I had premonitions about this Christmas.
Perhaps I should have paid more attention.
I was asked to write our Team’s Holiday letter to our nonprofit
clients.
My colleagues rejected it for being too sad.
“It’s not sad,” I said, “it’s realistic. Look at everything
going on right now. I can’t possible send a cheery, all is well with the world
letter. It would not be honest.”
“Heather, I read this and felt terrible.”
Fine, fine, fine….to
their defense, as I was writing the San Bernardino shooting was unfolding so it
might have been a touch melancholy.
The next day I did my knee in.
This is not the end of the world but I do tend to work out my
angst by working out. I also like cookies. And I tend to work those out too. There
has been no working out in December; hence my overindulgence of cookies and angst.
I knew I was going in on a blue streak and I think I was
okay with that. Not every Christmas in my life has been happy.
One Christmas Eve was spent
at relatives in Illinois. There was a HUGE pile of presents under the tree and
all I got was a crappy Candy Land. I cried hysterically because my cousin
got a Baby-Burps a lot AND matching Baby Burps A lot outfits!
My mother drug me out of my Aunt’s
house apologetically telling everyone I was fine, just a tad overstimulated.
Overstimulated my foot. I totally got jipped. Forty years
later and I still have an aversion to Candy Land.
Stupid Gumdrop Mountain.
That was a blue Christmas.
Another time the whole family got the stomach flu at my
Grandma’s house. She only had two bathrooms. Green Christmas.
But I wasn’t quite prepared for this Christmas.
The 23rd
greeted me with the loss of two of our Littles in the special needs community.
Two in one day….two too many.
Seven too many this year.
I stood in the shower that morning watching the soap circle
the drain thinking ‘I don’t know how to
process this much loss.’
While scrubbing my feet I decided 2016 was a great year to
return to therapy. I do love therapy and an hour to talk about me and only me. But
more important was the realization that this community has a lot of unbelievable
loss- loss that needs to be acknowledged but cannot be carried alone.
The Christmas after we lost Samantha, some good friends found a spot on a tiny island in British Columbia and planted a tree in her memory. The tree was a Charlie Brown spruce with a tuft of needles reminiscent of Samantha's crazy hair.
Our friends hike up to "Sammy's Point" every Christmas to hang an ornament and take a picture of how her tree has grown.
This year they placed an ornament in memory of our other Littles too.
Thank you great Northern Friends.
I don't know how to close out this holiday. My heart breaks for these parents and how their lives have changed.

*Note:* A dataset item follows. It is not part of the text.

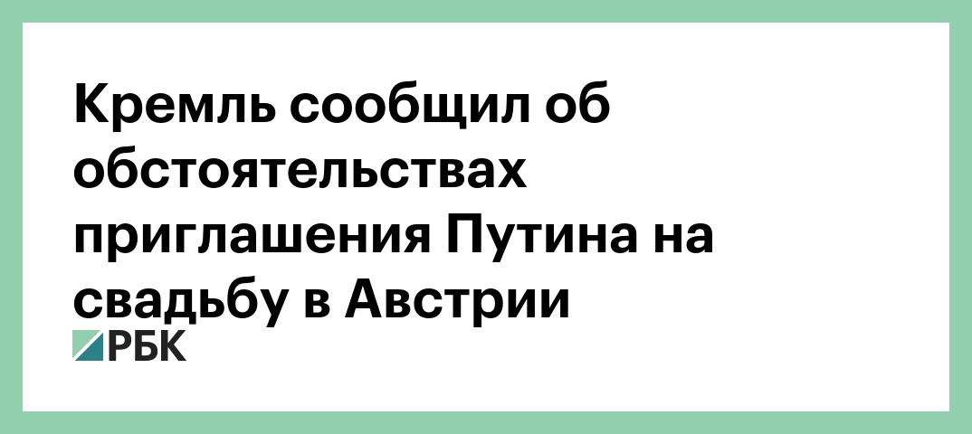 Президент России Владимир Путин получил приглашение на свадьбу главы МИД Австрии во время своего последнего визита в Вену. Об этом журналистам сообщил пресс-секретарь президента Дмитрий Песков, передает корреспондент РБК.

And I fear we might all get stuck in Molasses Swamp with the infamous Grandma Nutt when all we wanted was a Baby Burps A lot.
Bah Humbug.
To 2016.
And therapy.
2 comments:
Love how you allow " raw" to simply be "raw" without any false smiles or flowers. Hugs to you and those you stand staunchly by.
You are a good queen. If you eat some organic strawberries you may feel a little better.